Teaching
CINACS Lecture Series: Cross-modal Interaction in Natural and Artificial Cognitive Systems
Winter Semester 2010/2011
|
Information/Allgemeine Informationen |
LV-Nummer: |
64-631 |
Lecturer: |
Christopher Habel, Wolfgang Menzel, Stefan Wermter, Jianwei Zhang |
Period: |
Mo. 14:15-15:45h, weekly |
Room: |
Informatikum C-101 |
Credit Hours |
2 SWS |
Language: |
English |
Contents/Inhalte
Natural cognitive systems - like humans - profit from combining the input of the different sensory systems not only because each modality provides information about different aspects of the world but also because the different senses can jointly encode particular aspects of events, e.g. the location or meaning of an event. However, the gains of cross-modal integration come at a cost: since each modality uses very specific representations, information needs to be transferred into a code that allows the different senses to interact. Corresponding problems arise in human communication when information about one topic is expressed using combinations of different formats such as written or spoken language and graphics.
In this lecture, we will focus on models and methods suitable to realize processes and representations for cross-modal interactions in artificial cognitive systems, i.e. computational systems. After introducing the core phenomena of cross-modal interaction we exemplify the mono- modal basis of cross-modal interaction and the current development of informatics-oriented research in this field with four topics:
- Cross modal information fusion for a range of non-sensory, i.e. categorial data in the area of speech and language processing, where visual stimuli have to be merged with the available acoustic evidence. Among the language-related information sources certainly lip reading provides one of the major contributions of additional evidence, but more recently eyebrow movement and its relationship to suprasegmental features of human speech has attracted considerable attention as well.

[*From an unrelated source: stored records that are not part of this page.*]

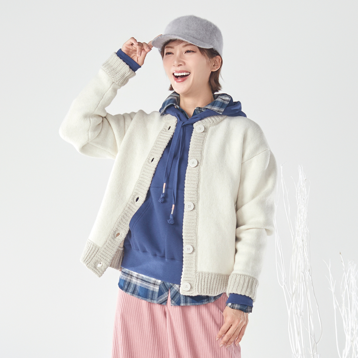 様々なコーデに活躍してくれるカウチン風ニットブルゾン。無地見えのジャガード編地を採用し、すっきりとしたデザインに仕上げました
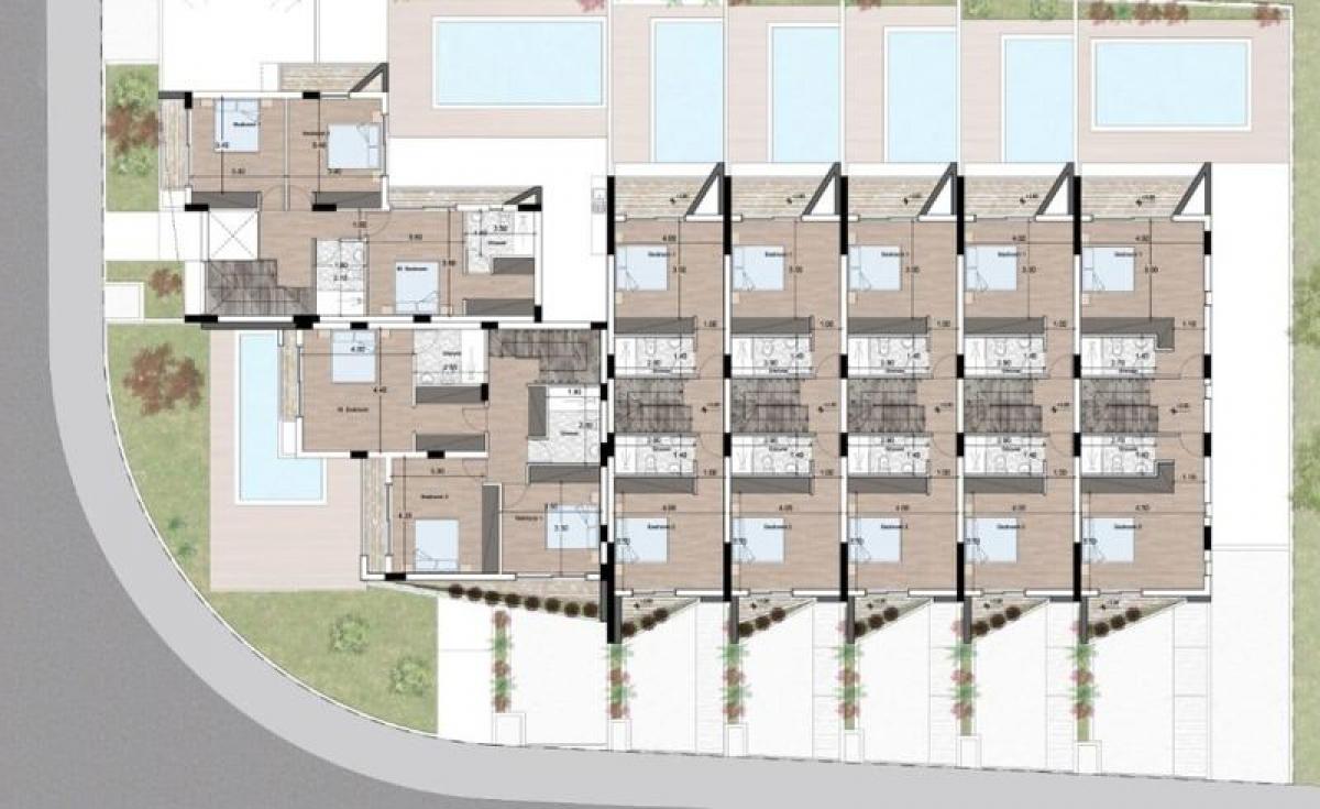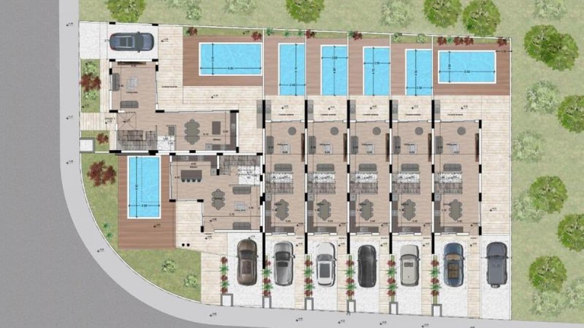 This is a new project in the upscale area of Aradippou's residential area. Close to all amenities, this project has a unique design concept featuring 3 & 4 Bedroom terraced and semi detached houses. All houses have Smart Home systems & private swimming pools. These contemporary houses are all set within a gated community.
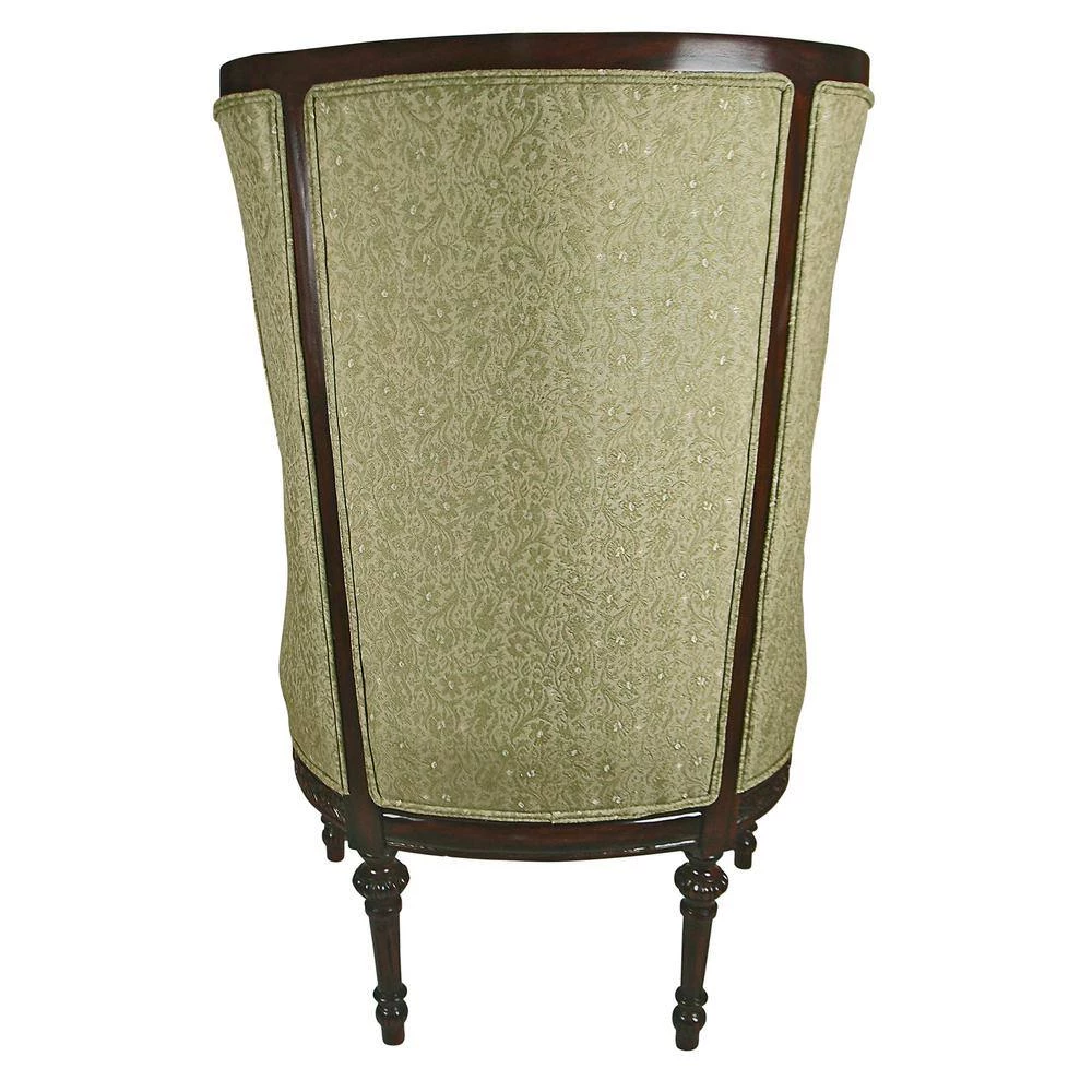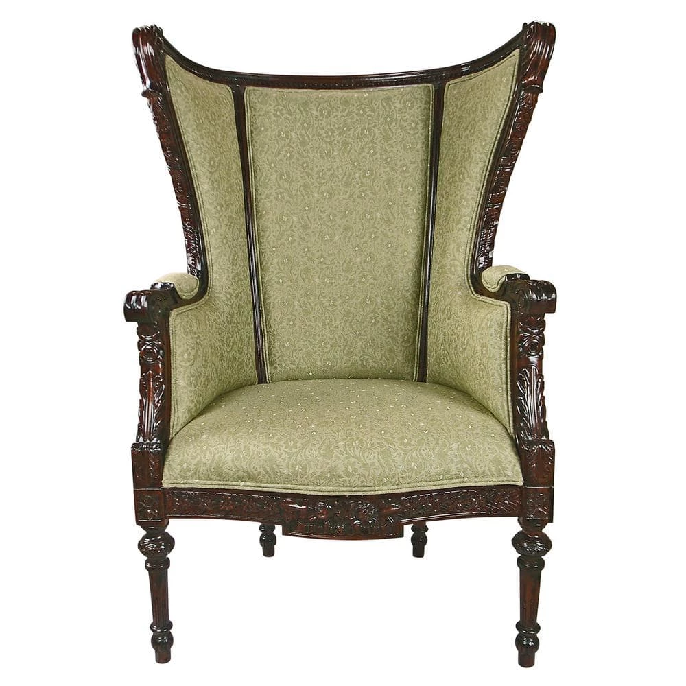 Once only a statue symbol of the elite, our exclusive, early 19th-century, English-inspired wing back chair is now a coveted piece for stunning homes. 1 of the most recognizable and timeless styles of classic furniture, our version boasts carved, fluted legs and upholstered arms. You’ll sink into the plush upholstered front and back in a quality, muted celadon jacquard with double welting. The glowing, solid mahogany wood of this syylish, period work of furniture art enhances the beauty of this exclusive created by our Design Toscano master carvers. 30 in. W x 23 in. D x 45 in. H. 33 lbs.

- The interaction of representational modalities - as language and maps - in the interdependence to sensory modalities, in particular to vision, auditory perception and haptics. The computational analysis of multi-modal documents or dialogues is a prerequisite for advanced intelligent information systems as well as for human-computer interaction, in particular human-robot interaction. Furthermore, such computational devices can be used in systems giving assistance to impaired, e.g. blind or visual impaired, or deaf people.
- Multimodal memory plays an important role for the next generation of mobile robots and service robots. Using grounded memories of robot actions - use real-world visual, audio and tactile data collected by the robot - instead of solely a sensorimotor controller, the robot's memory can be enriched and thus robustness of both representations and retrieval process of autonomous agents will increase.
- Neural architectures for multiple modalities. The brain plays the central role in all animal or human behavior. The integration
of various sense information with cognitive processing in neural architectures is therefore particularly relevant. Examples of
computational neural architectures are described, from spiking neural networks to supervised and selforganizing artifical neural networks based on midbrain and cortical brain areas. The focus will be on auditory and visual modalities illustrated by some examples of robotic behaviour.